Search code examples
runicodeencodingutf-8r-haven

R import of stata file has problems with French accented characters


I have a large stata file that I think has some French accented characters that have been saved poorly.

When I import the file with the encoding set to blank, it won't read in. When I set it to latin1 it will read in, but in one variable, and I'm certain in others, French accented characters are not rendered properly.
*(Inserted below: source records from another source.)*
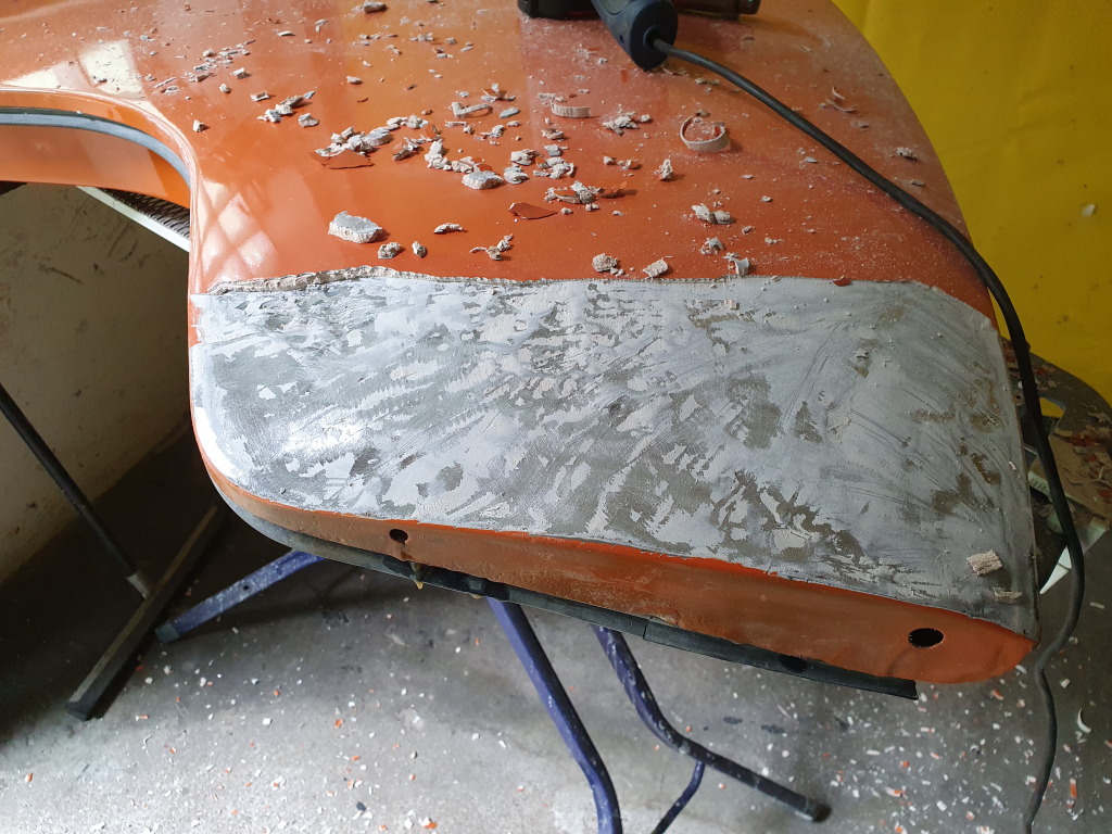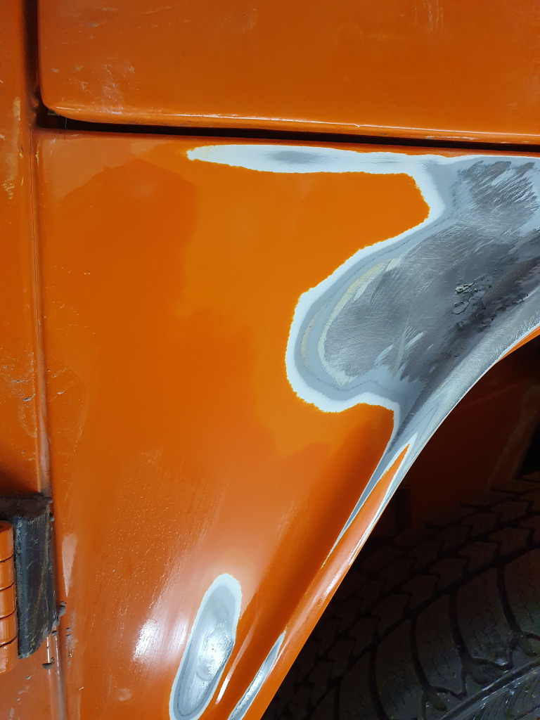 Nun ist das wieder mit minimalem Spachtel repariert und die Werkswellen sind wieder im Blech erkennbar.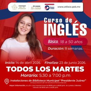 • Curso de inglés básico: inicia el 14 de abril, con clases todos los martes.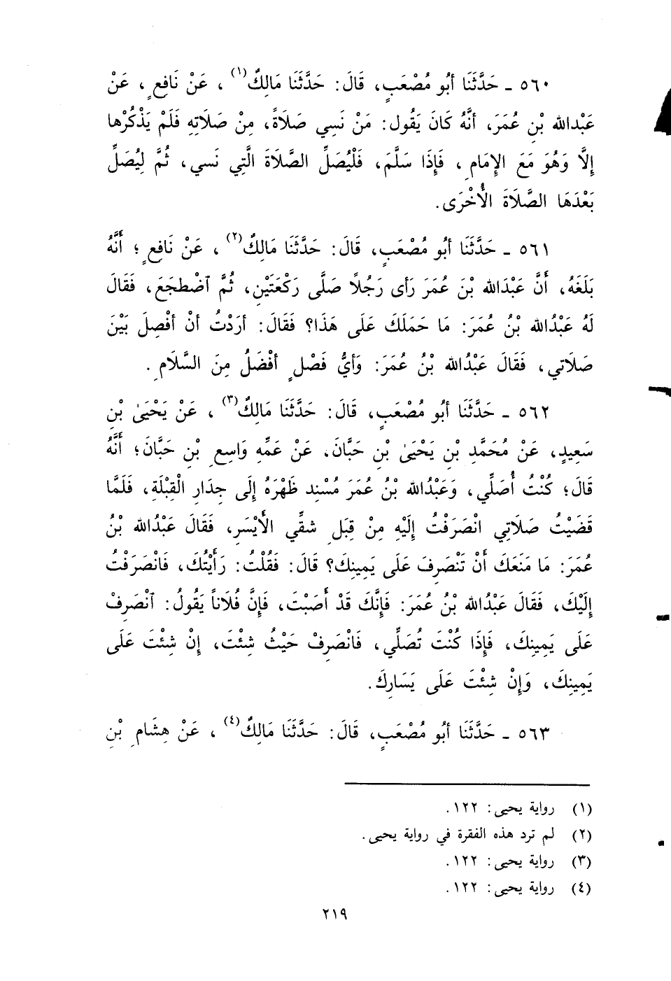 ٥٦٢ - حَدَّثَنَا أَبُو مُصْعَبٍ، قَالَ: حَدَّثَنَا مَالِكٌ، عَنْ يَحْيَى بْنِ سَعِيدٍ، عَنْ مُحَمَّدِ بْنِ يَحْيَى بْنِ حَبَّانَ , عَنْ عَمِّهِ وَاسِعِ بْنِ حَبَّانَ أَنَّهُ قَالَ: كُنْتُ أُصَلِّي وَعَبْدُ اللهِ بْنُ عُمَرَ مُسْنِدٌ ظَهْرَهُ إِلَى جِدَارِ الْقِبْلَةِ، فَلَمَّا قَضَيْتُ صَلَاتِي انْصَرَفْتُ إِلَيْهِ مِنْ قِبَلِ شِقِّي الأََيْسَرِ، فَقَالَ عَبْدُ اللهِ بْنُ عُمَرَ: مَا مَنَعَكَ أَنْ تَنْصَرِفَ عَلى يَمِينِكَ؟ قَالَ: فَقُلْتُ: رَأَيْتُكَ، فَانْصَرَفْتُ إِلَيْكَ، فقَالَ عَبْدُ اللهِ بن عمر: فَإِنَّكَ قَدْ أَصَبْتَ، فإِنَّ فلانا يَقُولُ: انْصَرِفْ عَلَى يَمِينِكَ، فَإِذَا كُنْتَ تُصَلِّي، فَانْصَرِفْ حَيْثُ شِئْتَ، إِنْ شِئْتَ عَلَى يَمِينِكَ، وَإِنْ شِئْتَ عَلَى يَسَارِكَ.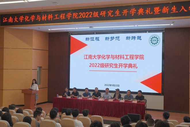 在老生代表发言环节中,2021级材料工程专业,化工学院研究生会主席张锐同学以从迷茫到逐渐确定人生目标的自身经历,来激励同学们不畏艰难,脚踏实地,砥砺前行。紧接着,在新生代表发言环节,2022级材料工程专业新生丁奕丹呼吁同学们乘“院士之乡”的东风,赓续前人思想,开拓新的道路,静心于学问,以优异的科研成果助力江南大学东氿校区的建设。

I had a similar problem with another stata file and I tried to apply the fix (which actually did not work in that case, but seems on point) here.

To be honest this seems to be the real problem here somehow. A lot of the garbled characters are "actual" and they match up to what is "expected" But I have no idea to go back.

Reproducible code is here:


library(haven)
library(here)
library(tidyverse)
library(labelled)
#Download file
temp <- tempfile()
temp2 <- tempfile()

download.file("https://github.com/sjkiss/Occupation_Recode/raw/main/Data/CES-E-2019-online_F1.dta.zip", temp)
unzip(zipfile = temp, exdir = temp2)
ces19web <- read_dta(file.path(temp2, "CES-E-2019-online_F1.dta"), encoding="latin1")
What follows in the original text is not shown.